■ DATASET CONTENT:
■ ■ ■

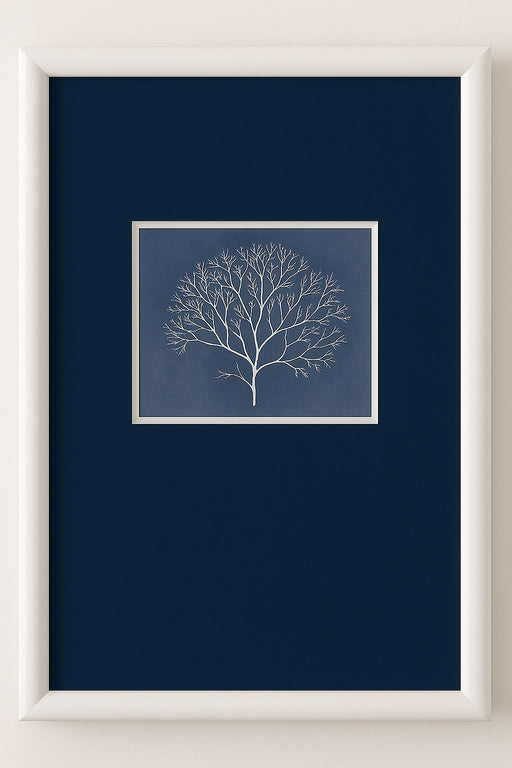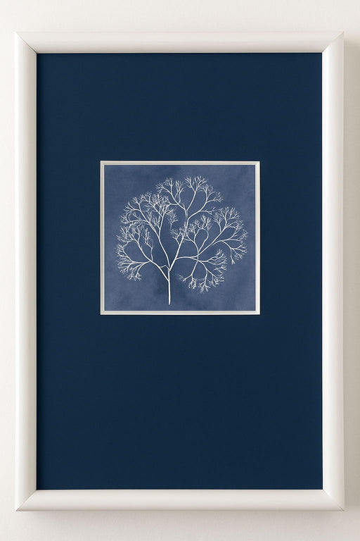 Coral Silhouette II Framed Print - Blue / White
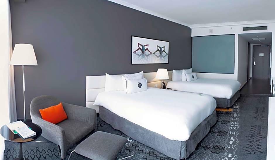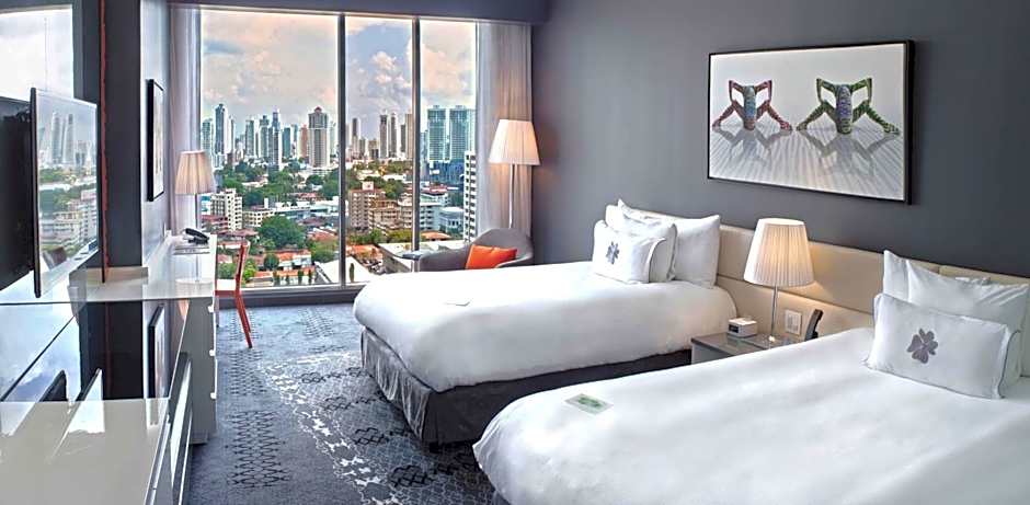 Two outdoor pools with sweeping views invite travelers to unwind after a day wandering Panama City. On-site dining covers a range of moods, from Restaurante La Brasserie, offering International fare in family-friendly, traditional, modern, and romantic settings, to Sortis Market for casual, family-friendly meals; Jackies Sport Bar brings a modern American vibe, and Acua Pool & Lounge serves American bites by the water.
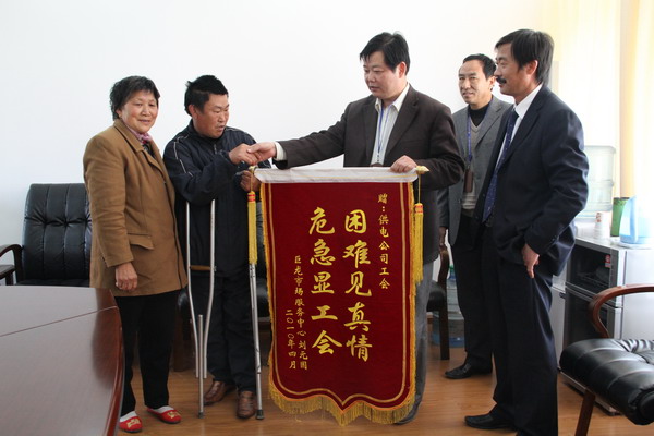 4月28日,巨龍農(nóng)貿(mào)市場特困職工劉元國拄著雙拐,在妻子陪伴下來公司送上錦旗,感謝干部職工的愛心捐助。去年初,下崗后在外謀生的劉元國因討要欠款發(fā)生車禍,腰部、腿部嚴(yán)重骨折,花費10萬余元,全家借錢度日。為讓劉家生活得到改善,春節(jié)前全公司發(fā)起獻愛心活動,共為劉元國募集錢款萬余元。(司宣)

■ ■ ■

■ TASK DETAILS: The result should be an exact copy of the material, containing no pictures.

■ RESULT FOR THIS EXERCISE:
 Coral Silhouette II Framed Print - Blue / White
 Two outdoor pools with sweeping views invite travelers to unwind after a day wandering Panama City. On-site dining covers a range of moods, from Restaurante La Brasserie, offering International fare in family-friendly, traditional, modern, and romantic settings, to Sortis Market for casual, family-friendly meals; Jackies Sport Bar brings a modern American vibe, and Acua Pool & Lounge serves American bites by the water.
 4月28日,巨龍農(nóng)貿(mào)市場特困職工劉元國拄著雙拐,在妻子陪伴下來公司送上錦旗,感謝干部職工的愛心捐助。去年初,下崗后在外謀生的劉元國因討要欠款發(fā)生車禍,腰部、腿部嚴(yán)重骨折,花費10萬余元,全家借錢度日。為讓劉家生活得到改善,春節(jié)前全公司發(fā)起獻愛心活動,共為劉元國募集錢款萬余元。(司宣)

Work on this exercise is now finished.